Dentists must fight superhygienist law

2008 10 21 14 53 23 614 Helaine Smith Thumb

Editor's note: Helaine Smith's column, The Mouth Physician, appears regularly on the advice and opinion page, Second Opinion.

Organized dentistry has failed us one more time and degraded our doctorate degree and our profession. The new law taking effect in 2011 of a "midlevel practitioner" that the Minnesota Senate voted in -- due to organized hygienists and their ability to effectively lobby their cause -- is a huge step backward for dentistry and dentists. It exploits the poor and undeserved residents of Minnesota.

How come a group of hygienists could organize and lobby before the legislators of Minnesota so much more effectively than dentists? Where was the ADA? Was it distracted by its effort to defend amalgam safety? I know several dentists from Minnesota and they are all upset. I empathize with the Academy of General Dentistry Minnesota President Mark Malterud, D.D.S., and his recent article, entitled "Lessons From Minnesota," in the AGD Impact October issue.

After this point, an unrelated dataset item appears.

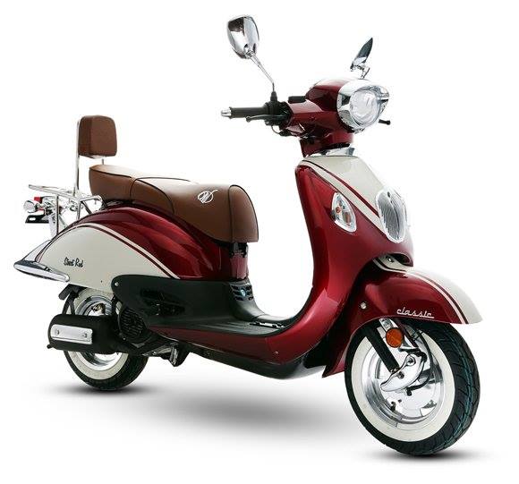 La nueva Vento Street Rod en color corinto y negro, una scooter con diseño clásico y elegante, diseñada para dos personas de motor 150cc. Vento STREET ROD es la magnifica heredera del protagonismo en las calles, moderna e indiscutible estilo "retro" la hacen distinguirse en el ambiente metropolitano de una forma fascinante.

It is absurd to think that hygienists can perform at the level of a dentist. Where are the ethics? Do no harm? Also, isn't it standard of care that a general dentist must perform a specialty procedure at the same level of a specialist -- i.e., root canals or third molar extractions? Can a hygienist perform to the same level that we can? This is America, not a third world country. Yes, there are underserved people, but is providing care that could harm the individual solving the problem?

Lower income people often have complicated medical and dental problems. Can hygienists comprehend this without the education that we received? They lowered what we do to a blue collar level and make it sound like they can handle what we do without the training, and effectively sold this to the public and the legislators, who bought into this because they do not understand what we do.

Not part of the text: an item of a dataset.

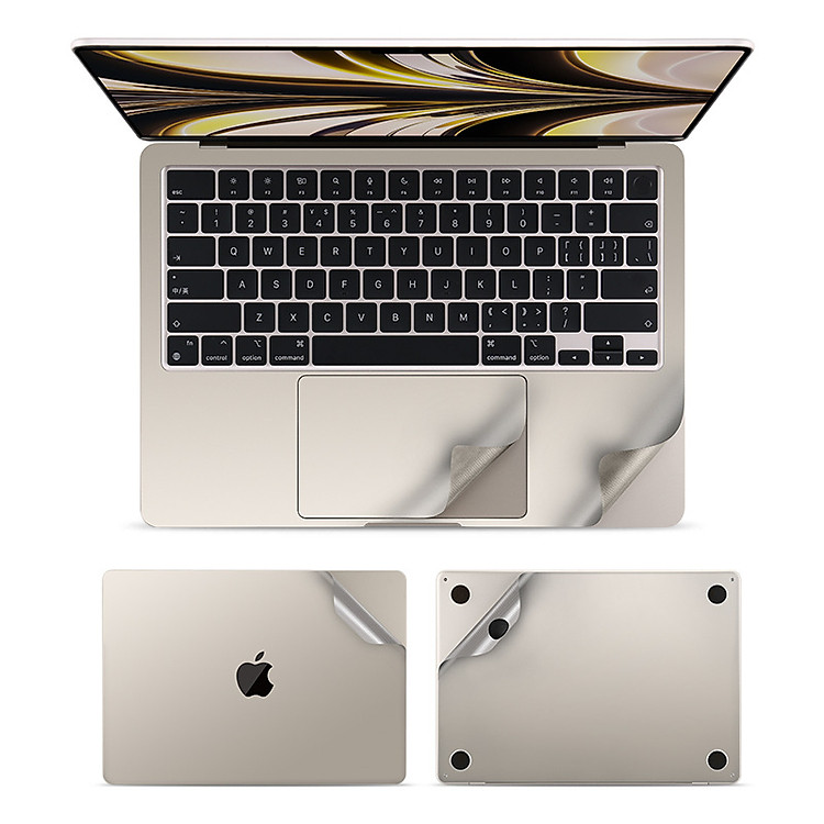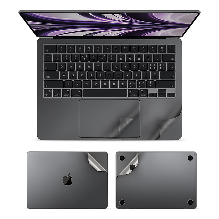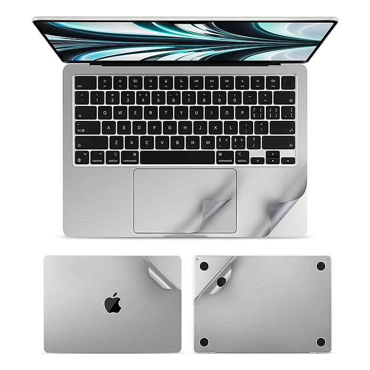 - Bộ 5in1 bao gồm: Mặt lưng- Mặt đáy- Dán kê tay- Dán Trackpad- Dán màn hình

When the patients are in pain, who will take the call? Most likely the emergency rooms. Allowing hygienists to practice will tax the system as poor people are accustomed to using the emergency room as a clinic. Now when the hygienists "fill" teeth I am sure many patients will end up with pain and go to the emergency room.

Oral surgeons and ENT doctors have misdiagnosed oral cancer and told patients to rinse with salt water instead of realizing the lesion was worthy of a biopsy. What will the diagnostic level be with hygienists? I feel they are not confident in their ability and this will severely impact treatment, even at the level of an occlusal restoration.

We have been more vilified in past Wall Street Journal articles than the Wall Street thieves responsible for the current financial crisis. The stereotype that we are money-hungry people is absurd. Our image needs to change, and until we have change at the ADA level, we will continue to be degraded. The lesson from Minnesota is a perfect example of this.